BACKGROUND: Few studies have evaluated the histological aspects of hepatitis C virus (HCV) infection in hemodialysis patients and the factors related to the progression of hepatic fibrosis in this population have not been defined. AIM: To evaluate the influence of host-related factors on the fibrosis progression in end-stage renal disease (ESRD) patients with HCV infection. METHODS: HCV-infected ESRD patients who submitted to liver biopsy were included. The fibrosis stages were classified according to METAVIR scoring system. For the identification of factors associated with more advanced liver fibrosis, the patients were classified into two groups: group 1, absence of septal fibrosis (F0-1) and group 2, presence of septal fibrosis (F2-4). Groups 1 and 2 were compared regarding demographic, epidemiological, and laboratory variables and logistic regression analysis was used to identify the variables that were independently associated with the presence of septal fibrosis. RESULTS: A total of 216 ESRD patients (63% men, 44+/-11 years) were included. In the histological analysis, the fibrosis stages were as follows: F0=36%, F1=41%, F2=12%, F3=7, and 4% had cirrhosis (F4). In the logistic regression model, the variables that were independently associated with the presence of septal fibrosis were duration of infection, estimated age at infection, coinfection with HBV and aspartate aminotransferase levels. CONCLUSION: These findings support the importance of obtaining an adequate immune response to HBV vaccination and careful monitoring of liver disease in patients who become infected at an advanced age and/or those presenting elevated aspartate aminotransferase levels, as these are the main factors associated with the presence of septal fibrosis in ESRD patients.

Clinical and laboratory characteristics of acute hepatitis C in patients with end-stage renal disease on hemodialysis.

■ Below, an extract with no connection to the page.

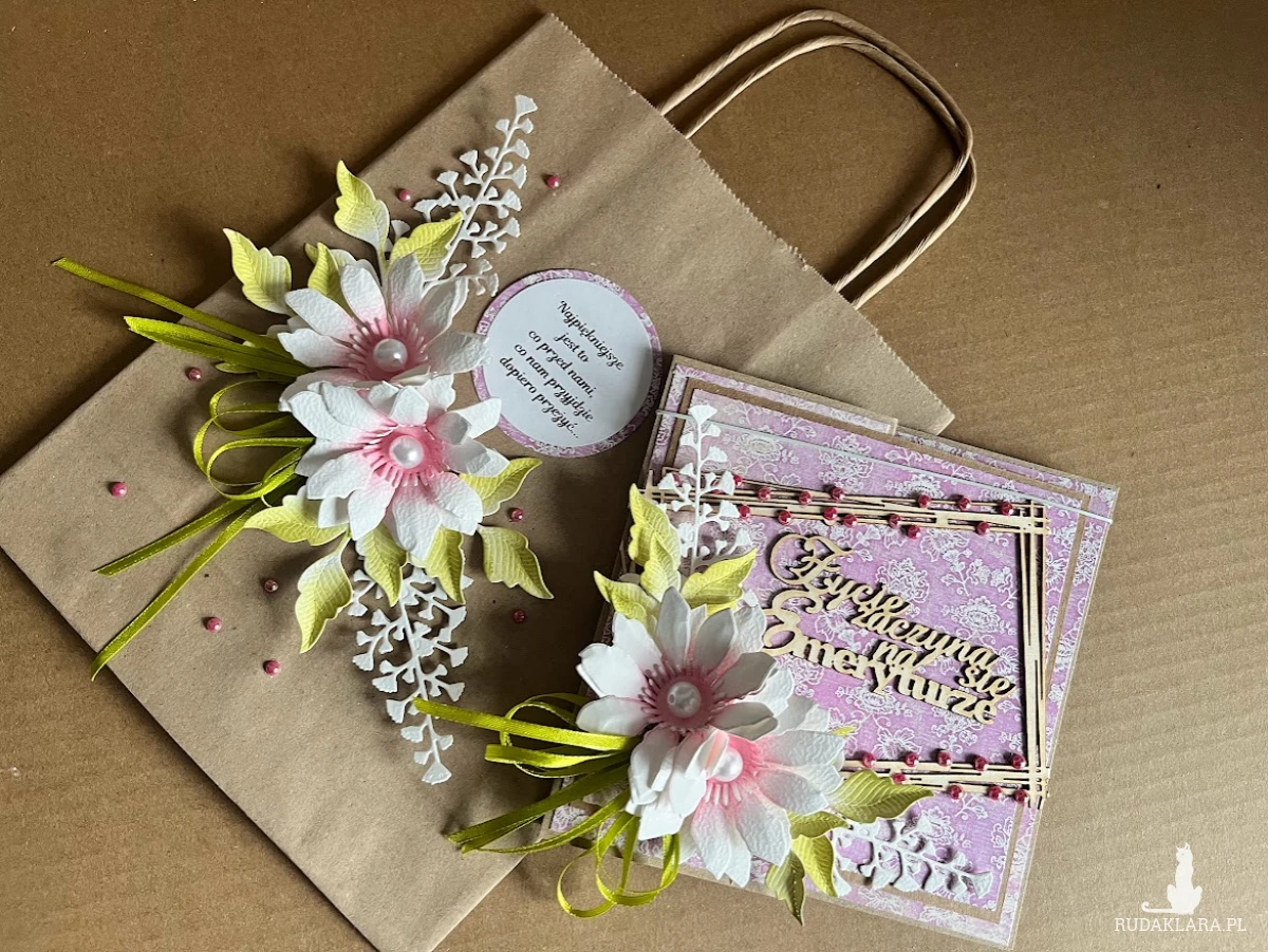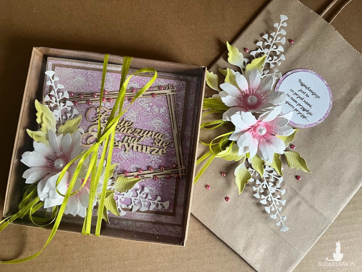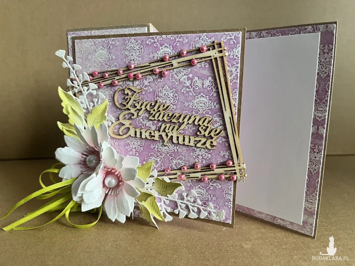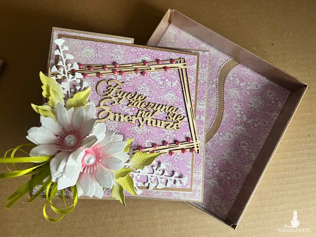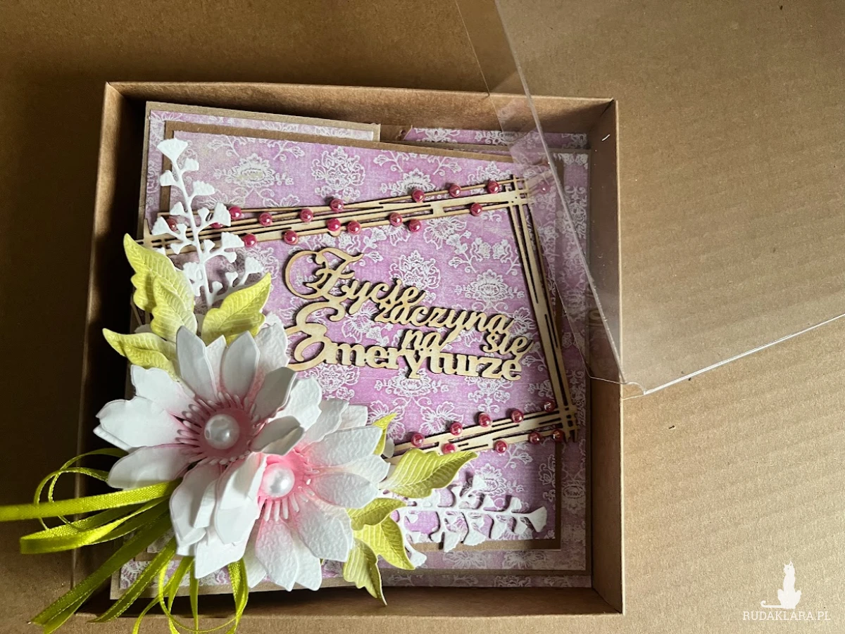 Wyjątkowa,bogato zdobiona kartka z okazji przejścia na emeryturę.Stworzona na bazie papieru kraftowgo z licznymi dodatkami w postaci tekturek oraz kwiatów z papieru ręcznie robionych.Wymiar kartki 14x14cm.Do kartki dołączono pudełko z transparentnym wieczkiem w wymiarze 15,5 x15,5 cm w kolorze eco.Na dnie pudełka umieszczono kieszonkę na małe co nieco a wewnątrz kartki umieszczono karnet na wypisanie własnoręcznie życzeń .W tej postaci komplet dostępny od ręki

BACKGROUND: Patients with end-stage renal disease (ESRD) undergoing hemodialysis are a risk group for hepatitis C virus (HCV) infection. The characteristics of acute hepatitis C infection in this population are not well known. GOALS: To evaluate the clinical and laboratory characteristics of acute hepatitis C in ESRD patients treated with hemodialysis. STUDY: ESRD patients on hemodialysis with acute hepatitis C, characterized by elevated alanine aminotransferase (ALT) followed by anti-HCV seroconversion were studied. RESULTS: Thirty-six patients (58% females, 44+/-12 y), with a mean time on hemodialysis of 2 years, were included. Only 2 (6%) patients had jaundice. ALT elevation was observed in all patients. Median peak ALT was 4.7 x upper limit of normal. The median interval between ALT elevation and anti-HCV seroconversion was 1 month (0 to 8). None of the patients with detectable HCV-RNA showed spontaneous clearance of viremia within 12 weeks of follow-up. Three (8%) patients presented ALT elevation followed by anti-HCV seroconversion with undetectable HCV-RNA. CONCLUSIONS: Acute hepatitis C is frequently asymptomatic in ESRD patients on hemodialysis and should be suspected in all patients presenting elevated ALT. Determination of HCV-RNA is important for the confirmation of infection. Anti-HCV seroconversion seems to occur early and spontaneous clearance of HCV-RNA is uncommon.